__Brief__
Write out exactly the lines between the line containing "Accezz SH00089407. Compatibilité" and the end of the records, counting both ends, and leave out all pictures.

__Records contained in a dataset__
______________________________

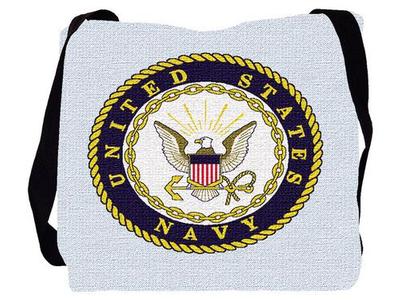 United States Military Navy Emblem tapestry totes bags are tastefully designed, and woven. Cotton tote bags have a design on each side. All totes are 100% cotton, made in the USA. Matching tapestry throws and wall hangings available.
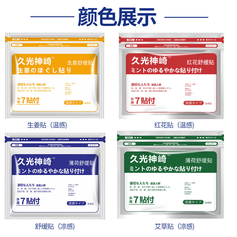 Jiuguang 석고 패치 일본식 제조업체 Douyin 인기 4면 탄성 천 패치 생강 홍화 근육 진정 패치스토어 가기
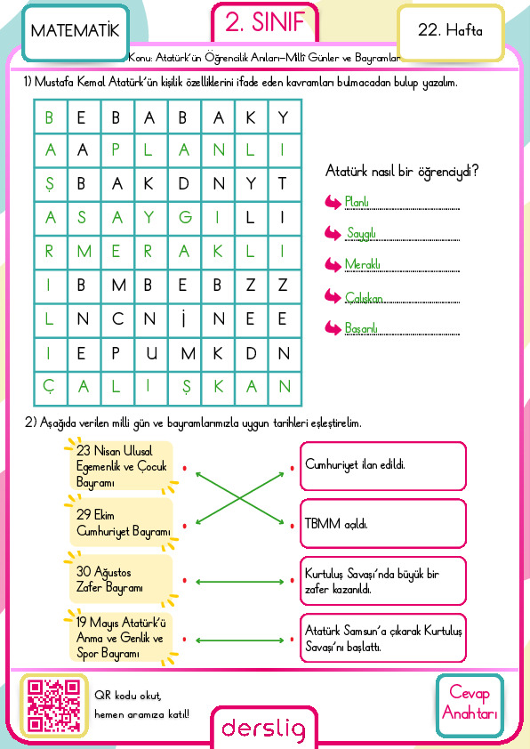 2. Sınıf Millî Gün ve Bayramlarımız Cevap Anahtarı
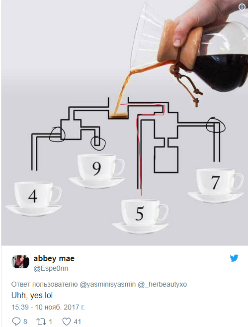 В Twitter набирает популярность головоломка, опубликованная юзером с ником Purp. Задача, посвященная кофе и сообщающимся сосудам, оказалась не по зубам многим пользователям социальной сети.
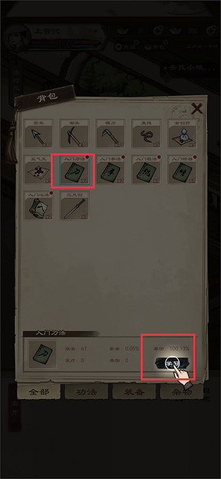 4、获得的心法会放在背包中,选择一个新法并点击学习即可提升战斗力,暴击,医疗等
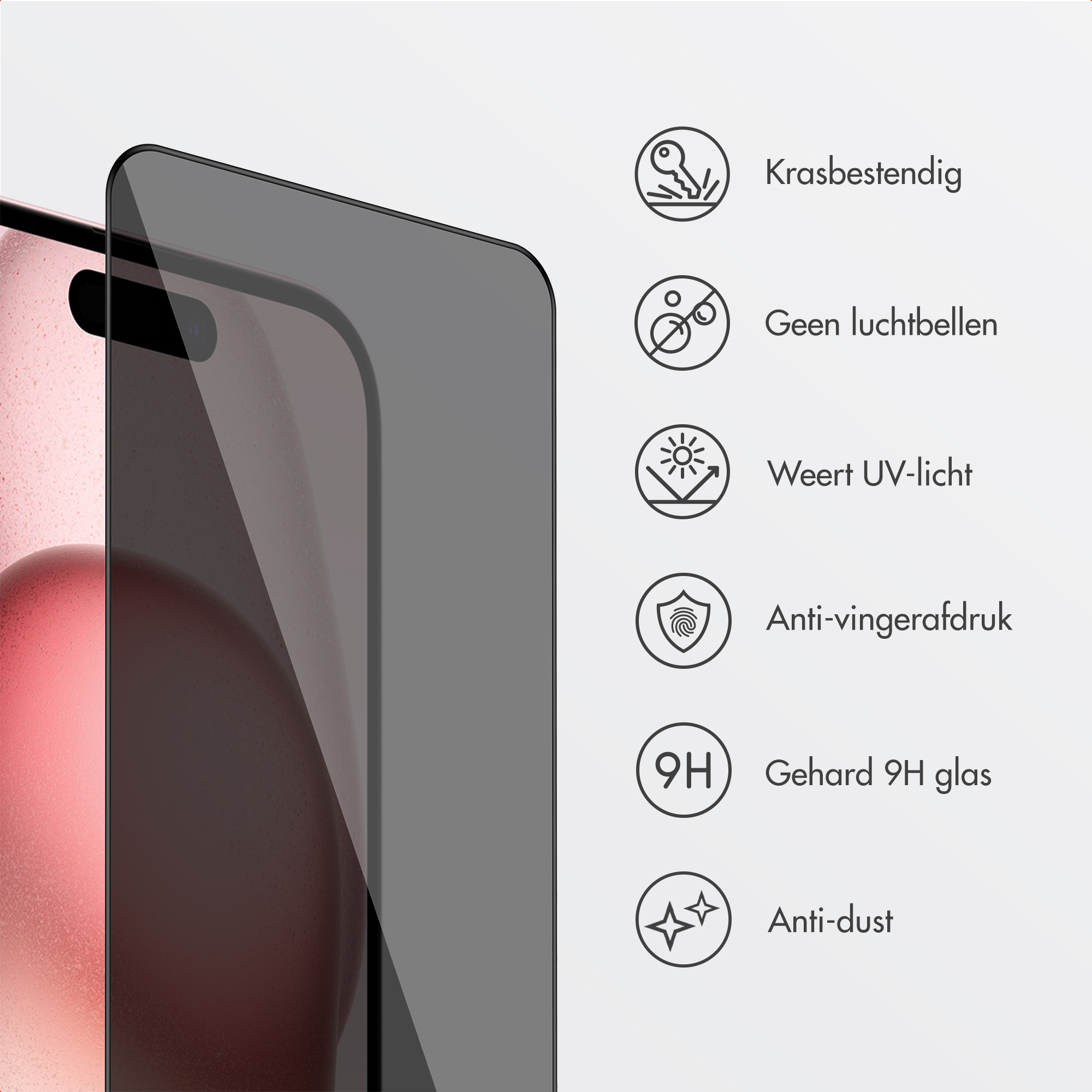 Accezz SH00089407. Compatibilité de marque: Apple, Compatibilité: Apple iPhone 15/Apple iPhone 16, Fonctions de protection: Anti-bactérien, Résistant à la saleté, Résistant à la poussière, Résistant aux rayures. Fonction de filtrage de confidentialité, Matériel: Verre, Couleur du produit: Transparent. Quantité: 1 pièce(s)
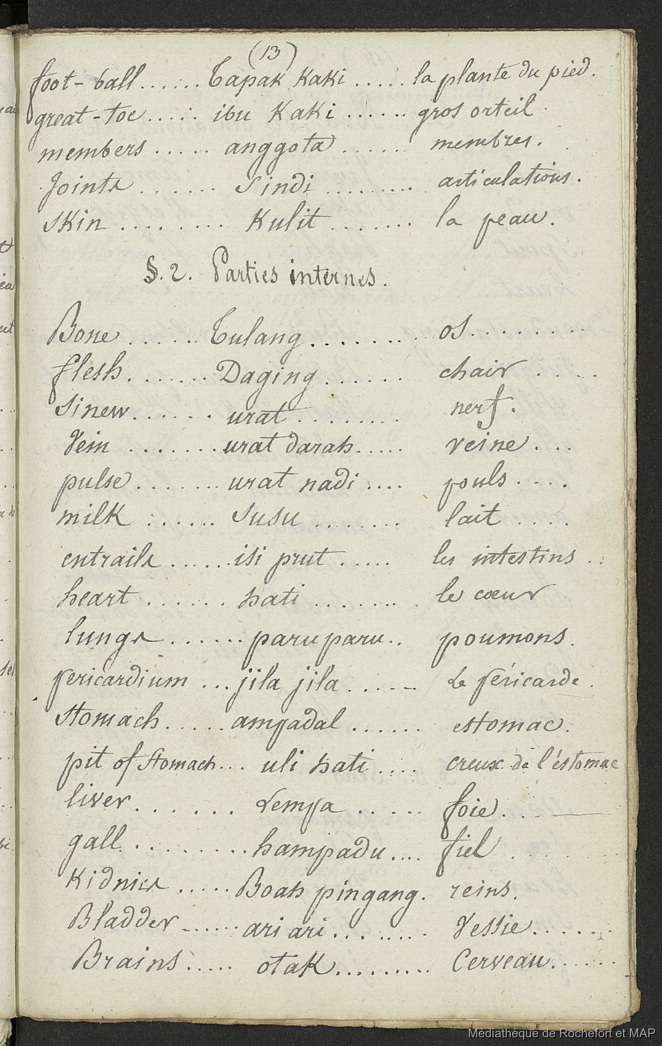 Quote this document Lesson, Pierre-Adolphe [accessed: 2026/1/29]. "Vocabulaire anglais, malais et français (B172996201_BM08191)" (Object Id: 157896). In Vocabulaire anglais, malais et français (B172996201_BM08191). ODSAS: https://www.odsas.net/object/157896.
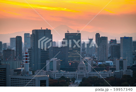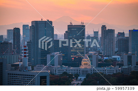 日本の東京都市景観 霞が関の官庁街などを望む(奥に富士山)=2019年11月10日撮影
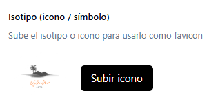 - Isotipo (icono / símbolo): Sube el isotipo o icono que deseas usar como favicon. El favicon es el pequeño icono que aparece en la pestaña del navegador y en los marcadores, y funciona como una forma de identificación visual rápida de tu sitio.
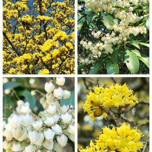 山の神社の周りにも、春らしい花が咲き始めました。 青空に映える黄色は、サンシュユの花です。12月には赤い実がいっぱいになるので、また訪れてみたいです。 白い花は、馬酔木(アセビ)です。 花はスズランに、似ています。咲き始めは、口笛を吹いているみたいで可愛いですよ。左下は拡大してみましたので、ご覧下さいね。

______________________________

__Written reply__
 Accezz SH00089407. Compatibilité de marque: Apple, Compatibilité: Apple iPhone 15/Apple iPhone 16, Fonctions de protection: Anti-bactérien, Résistant à la saleté, Résistant à la poussière, Résistant aux rayures. Fonction de filtrage de confidentialité, Matériel: Verre, Couleur du produit: Transparent. Quantité: 1 pièce(s)
 Quote this document Lesson, Pierre-Adolphe [accessed: 2026/1/29]. "Vocabulaire anglais, malais et français (B172996201_BM08191)" (Object Id: 157896). In Vocabulaire anglais, malais et français (B172996201_BM08191). ODSAS: https://www.odsas.net/object/157896.
 日本の東京都市景観 霞が関の官庁街などを望む(奥に富士山)=2019年11月10日撮影
 - Isotipo (icono / símbolo): Sube el isotipo o icono que deseas usar como favicon. El favicon es el pequeño icono que aparece en la pestaña del navegador y en los marcadores, y funciona como una forma de identificación visual rápida de tu sitio.
 山の神社の周りにも、春らしい花が咲き始めました。 青空に映える黄色は、サンシュユの花です。12月には赤い実がいっぱいになるので、また訪れてみたいです。 白い花は、馬酔木(アセビ)です。 花はスズランに、似ています。咲き始めは、口笛を吹いているみたいで可愛いですよ。左下は拡大してみましたので、ご覧下さいね。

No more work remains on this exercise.